British Triathlon rules meant that a podium in both races would guarantee Potter a place on the start list, a place she has been laser-focussed on ever since joining the Brownlees and co at their training base in Leeds in 2017 on a mission to fulfil her potential at the highest level. At first a swimmer, then a runner, the biking was the final piece of the puzzle to click into place, and learning the craft from some of the best in the business has clearly paid off.
“I think just with having the memories of Rio and not being well and people had come out to see me and I was disappointed and so I think, I just want a different Olympic experience this time. I mean, eventually it was the reason I decided to lead athletics, so I don’t want that to be the case with triathlon.”
By her own admission, Potter’s running speed off the bike was something that hadn’t been consistent in previous seasons. In Pontevedra, she’d had to work hard on the first lap to bridge to the leaders and then faced one of the best runners in the business in a 10km shootout for the title. Step one was to have a good T2. It gave her the edge she needed.
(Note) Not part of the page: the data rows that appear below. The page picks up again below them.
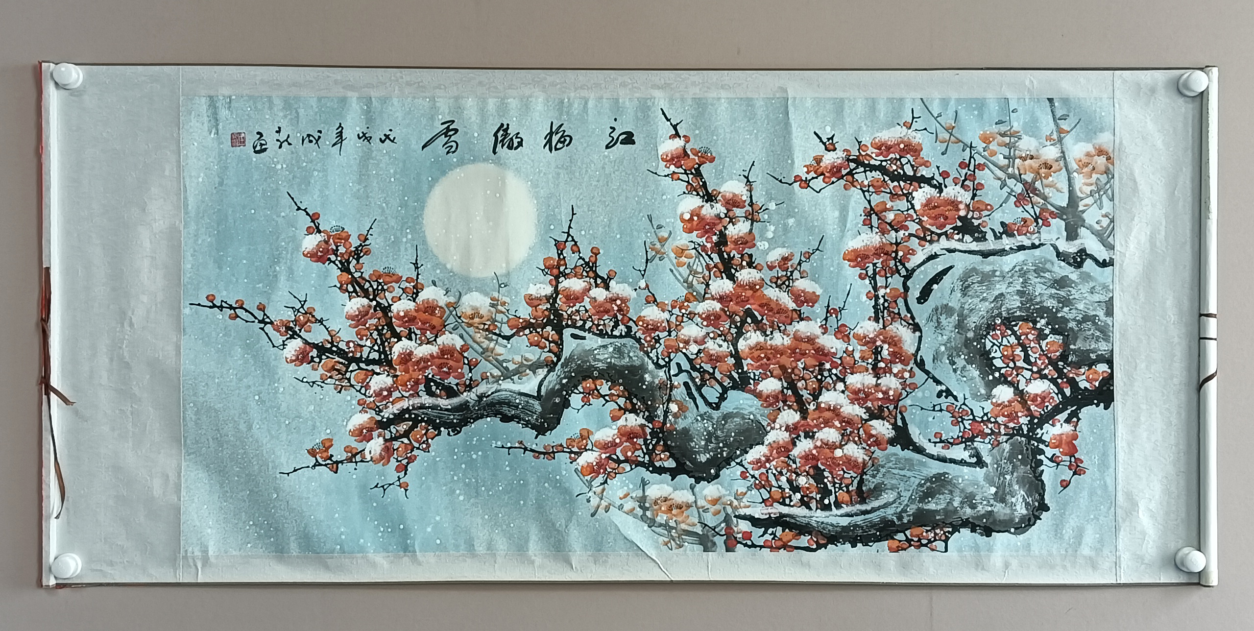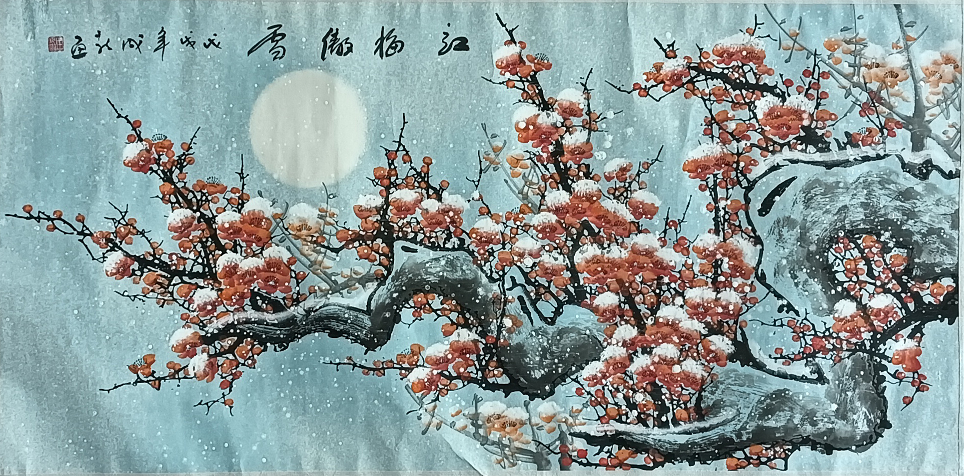 国画:红梅傲雪
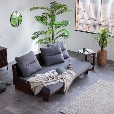 低めのサイドフレームと脚元の空間設計により、ソファに座りながらくつろぐとき、サイドテーブルを手前まで引き寄せて使用できます。
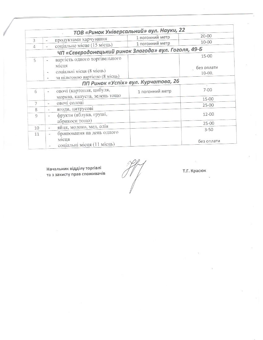 Тарифи платних послуг на ринках міста Сєвєродонецька
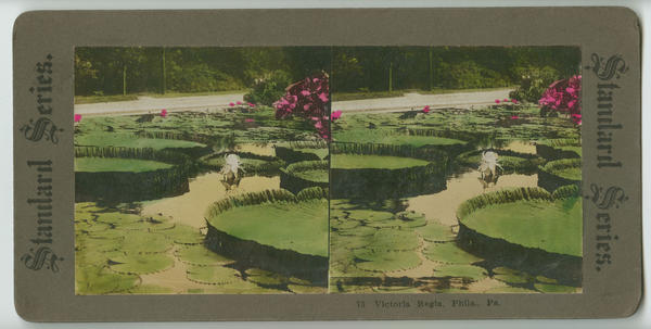 View of water lilies and lily pads in the lily pond near Horticultural Hall in West Fairmount Park. Building, pond and gardens constructed for the Centennial celebration in 1876.
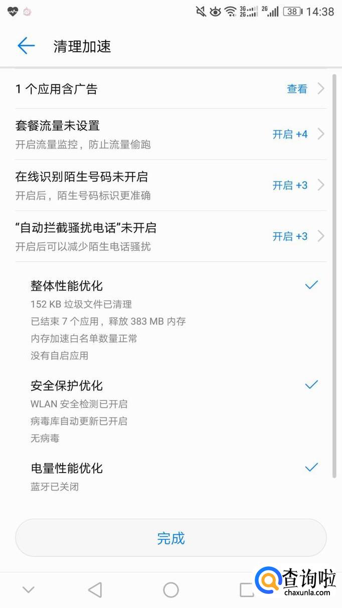 这个时候手机管家会对手机进行清理加速,清理手机的运行内存。清理完后,就可以按完成退出了。

“I knew when we were running into T2 that Cassandre was on the wrong side, and I was a bit confused by that. I was like, ‘I need to cut across you because my bike is on the right hand side and yours is on the left’, So I was like, maybe she’s a bit confused about where she’s going here. And then I had a very quick transition I knew that she wasn’t there.”
It transpired that it was Beaugrand who was struggling to find her rhythm through cramp on that first lap and it afforded Potter a window she knew she could capitalise on.
I was getting information that she was a couple seconds behind. I think she’d made contact by the end of the hill, but then on the downhill, I knew that’s where I was going to be better at running. So I made sure we ran that quite hard.”
“I did a lot of cross country when I was younger. Running cross country and especially hilly cross country that have tight bends and then in the Spanish streets it was on kind of sort of cobbled ground and it was lots of kind of sharp right handers and as you’re running quite uphill in a narrow, kind of through narrow streets as well. I like that sort of running and I guess somewhere like Paris and maybe Hamburg is more sort of flat and you can get into a rhythm and I think that’s what Cass is really good at.”